WORK ORDER
Transcribe exactly, and without pictures, the lines from the one that contains "Our Ride Rich" through the last line of the material.

# # # #

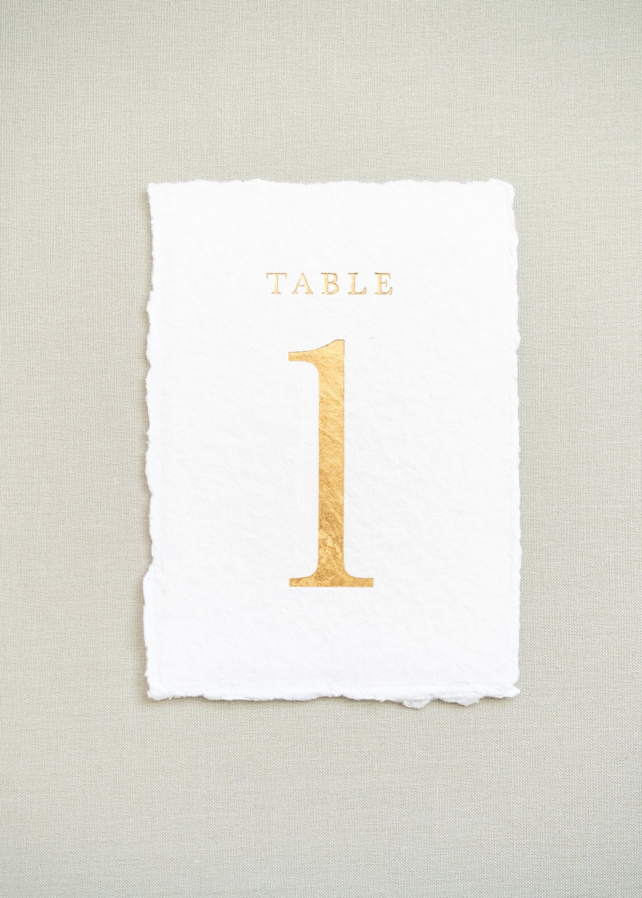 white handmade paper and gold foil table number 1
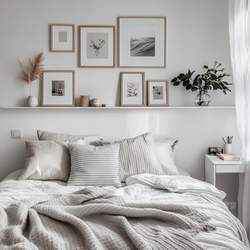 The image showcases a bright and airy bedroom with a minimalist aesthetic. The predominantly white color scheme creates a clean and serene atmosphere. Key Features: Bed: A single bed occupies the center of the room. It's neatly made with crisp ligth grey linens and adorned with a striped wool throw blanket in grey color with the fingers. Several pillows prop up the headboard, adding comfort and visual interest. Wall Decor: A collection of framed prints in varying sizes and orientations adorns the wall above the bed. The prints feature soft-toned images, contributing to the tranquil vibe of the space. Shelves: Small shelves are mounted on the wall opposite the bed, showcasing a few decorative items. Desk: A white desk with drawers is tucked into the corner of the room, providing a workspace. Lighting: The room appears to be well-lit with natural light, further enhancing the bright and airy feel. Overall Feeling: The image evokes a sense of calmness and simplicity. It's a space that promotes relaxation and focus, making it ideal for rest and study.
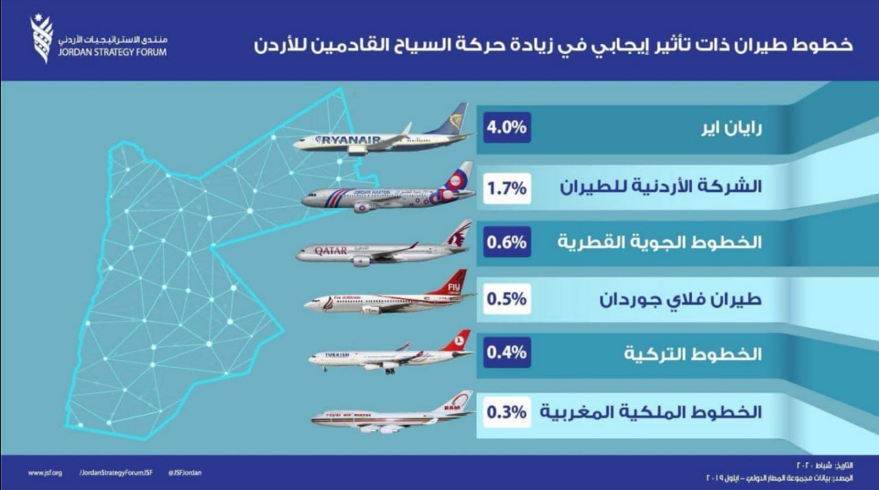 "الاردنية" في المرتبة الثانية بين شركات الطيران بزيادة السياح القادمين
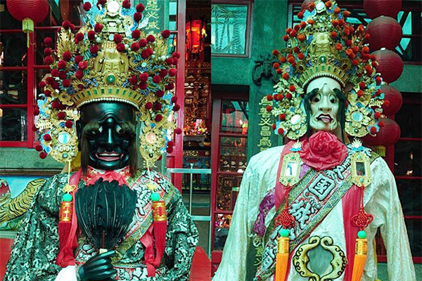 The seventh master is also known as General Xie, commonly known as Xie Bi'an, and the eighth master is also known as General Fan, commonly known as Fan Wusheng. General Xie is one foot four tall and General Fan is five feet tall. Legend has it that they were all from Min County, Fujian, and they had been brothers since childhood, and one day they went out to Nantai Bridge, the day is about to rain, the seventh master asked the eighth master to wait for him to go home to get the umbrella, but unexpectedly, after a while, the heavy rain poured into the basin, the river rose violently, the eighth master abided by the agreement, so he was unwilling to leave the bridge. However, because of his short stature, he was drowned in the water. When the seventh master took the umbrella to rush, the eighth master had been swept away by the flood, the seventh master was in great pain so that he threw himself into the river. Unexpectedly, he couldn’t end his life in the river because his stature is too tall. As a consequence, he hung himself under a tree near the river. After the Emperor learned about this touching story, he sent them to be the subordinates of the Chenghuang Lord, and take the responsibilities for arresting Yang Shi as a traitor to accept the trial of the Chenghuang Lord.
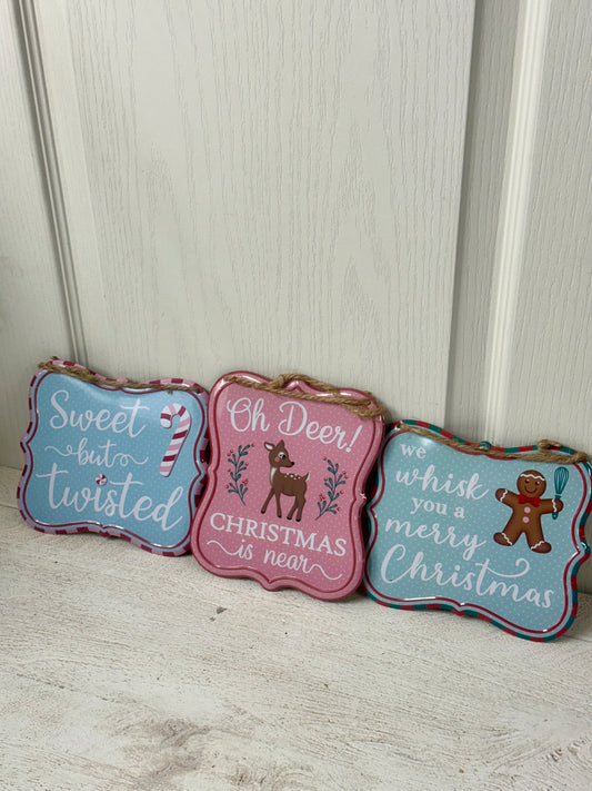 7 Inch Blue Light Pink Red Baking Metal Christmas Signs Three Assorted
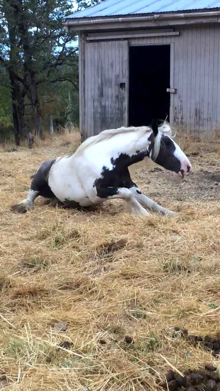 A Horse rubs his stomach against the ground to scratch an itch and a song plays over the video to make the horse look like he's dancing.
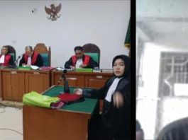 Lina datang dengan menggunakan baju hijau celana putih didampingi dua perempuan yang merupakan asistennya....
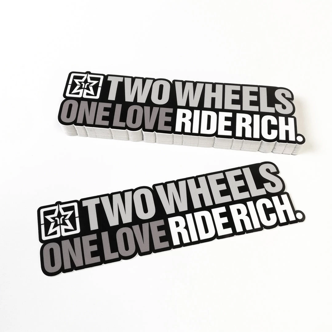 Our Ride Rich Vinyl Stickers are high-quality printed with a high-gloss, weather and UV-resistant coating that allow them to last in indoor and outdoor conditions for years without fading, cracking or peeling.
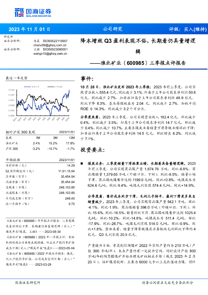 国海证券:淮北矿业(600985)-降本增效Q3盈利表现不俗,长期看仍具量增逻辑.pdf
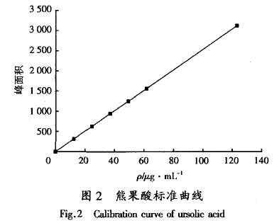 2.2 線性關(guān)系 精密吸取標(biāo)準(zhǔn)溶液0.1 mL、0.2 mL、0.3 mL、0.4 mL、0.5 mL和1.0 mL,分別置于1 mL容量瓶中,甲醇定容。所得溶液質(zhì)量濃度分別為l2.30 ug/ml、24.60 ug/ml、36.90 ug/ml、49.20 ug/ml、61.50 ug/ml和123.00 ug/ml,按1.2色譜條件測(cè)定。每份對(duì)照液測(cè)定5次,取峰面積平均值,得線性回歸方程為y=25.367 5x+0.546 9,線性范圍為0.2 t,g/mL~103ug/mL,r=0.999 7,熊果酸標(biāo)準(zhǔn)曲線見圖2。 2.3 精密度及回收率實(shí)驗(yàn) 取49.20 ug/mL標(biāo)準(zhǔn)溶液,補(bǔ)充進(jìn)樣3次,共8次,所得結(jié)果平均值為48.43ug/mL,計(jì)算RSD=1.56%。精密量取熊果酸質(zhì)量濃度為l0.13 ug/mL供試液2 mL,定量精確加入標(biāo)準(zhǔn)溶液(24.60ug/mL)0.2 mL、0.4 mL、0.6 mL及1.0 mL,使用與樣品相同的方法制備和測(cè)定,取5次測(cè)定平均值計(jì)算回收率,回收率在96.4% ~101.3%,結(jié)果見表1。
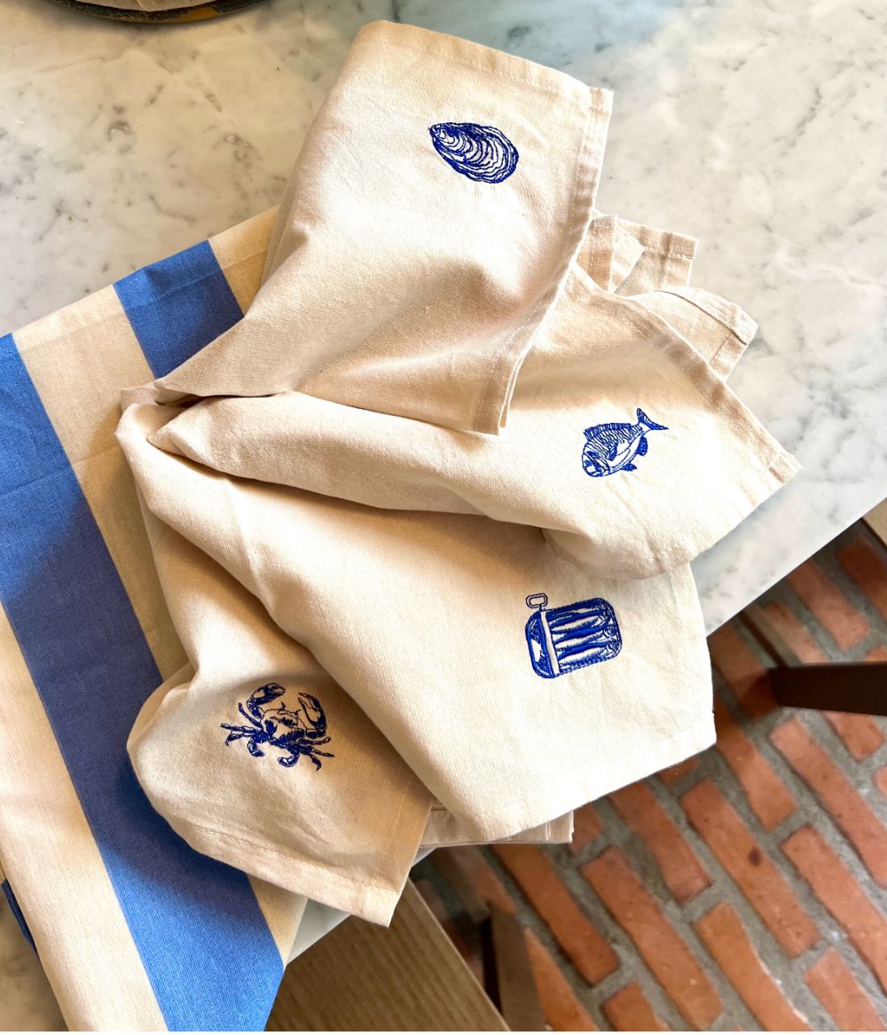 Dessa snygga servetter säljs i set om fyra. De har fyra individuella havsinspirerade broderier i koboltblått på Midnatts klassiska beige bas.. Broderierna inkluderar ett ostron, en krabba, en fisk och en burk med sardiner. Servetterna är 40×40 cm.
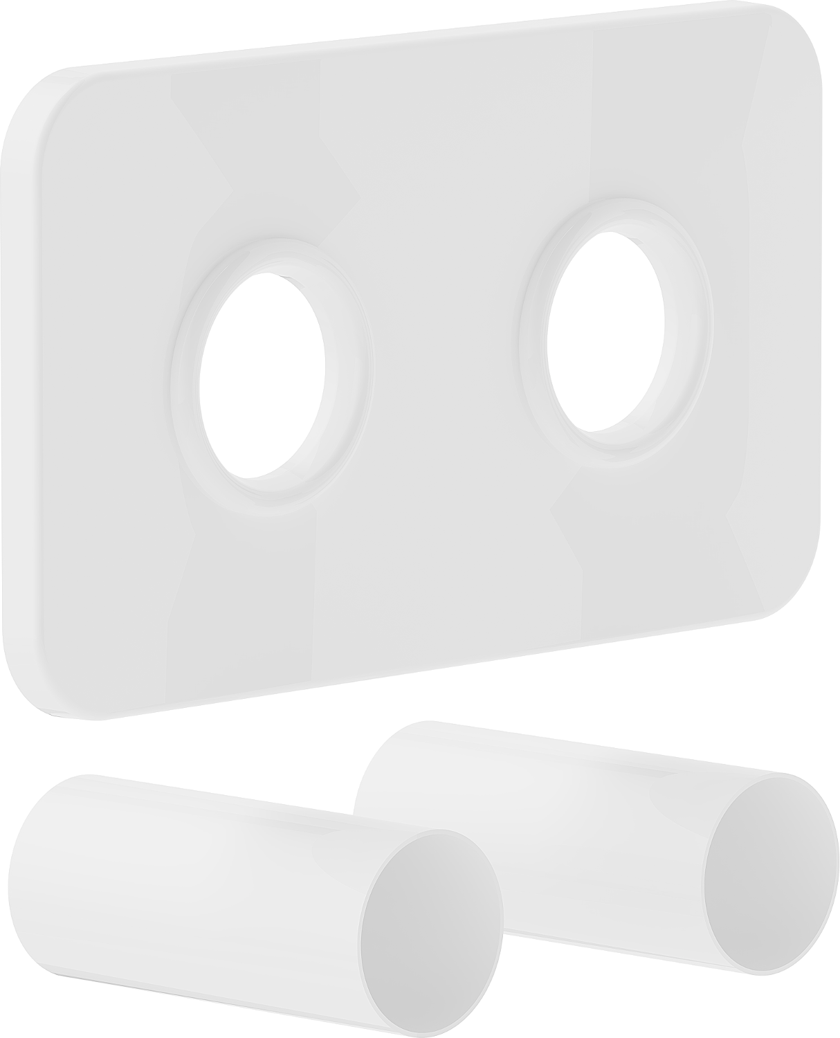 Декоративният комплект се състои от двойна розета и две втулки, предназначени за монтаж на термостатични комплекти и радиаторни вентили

# # # #

RESULT FOR THIS TASK
 Our Ride Rich Vinyl Stickers are high-quality printed with a high-gloss, weather and UV-resistant coating that allow them to last in indoor and outdoor conditions for years without fading, cracking or peeling.
 国海证券:淮北矿业(600985)-降本增效Q3盈利表现不俗,长期看仍具量增逻辑.pdf
 2.2 線性關(guān)系 精密吸取標(biāo)準(zhǔn)溶液0.1 mL、0.2 mL、0.3 mL、0.4 mL、0.5 mL和1.0 mL,分別置于1 mL容量瓶中,甲醇定容。所得溶液質(zhì)量濃度分別為l2.30 ug/ml、24.60 ug/ml、36.90 ug/ml、49.20 ug/ml、61.50 ug/ml和123.00 ug/ml,按1.2色譜條件測(cè)定。每份對(duì)照液測(cè)定5次,取峰面積平均值,得線性回歸方程為y=25.367 5x+0.546 9,線性范圍為0.2 t,g/mL~103ug/mL,r=0.999 7,熊果酸標(biāo)準(zhǔn)曲線見圖2。 2.3 精密度及回收率實(shí)驗(yàn) 取49.20 ug/mL標(biāo)準(zhǔn)溶液,補(bǔ)充進(jìn)樣3次,共8次,所得結(jié)果平均值為48.43ug/mL,計(jì)算RSD=1.56%。精密量取熊果酸質(zhì)量濃度為l0.13 ug/mL供試液2 mL,定量精確加入標(biāo)準(zhǔn)溶液(24.60ug/mL)0.2 mL、0.4 mL、0.6 mL及1.0 mL,使用與樣品相同的方法制備和測(cè)定,取5次測(cè)定平均值計(jì)算回收率,回收率在96.4% ~101.3%,結(jié)果見表1。
 Dessa snygga servetter säljs i set om fyra. De har fyra individuella havsinspirerade broderier i koboltblått på Midnatts klassiska beige bas.. Broderierna inkluderar ett ostron, en krabba, en fisk och en burk med sardiner. Servetterna är 40×40 cm.
 Декоративният комплект се състои от двойна розета и две втулки, предназначени за монтаж на термостатични комплекти и радиаторни вентили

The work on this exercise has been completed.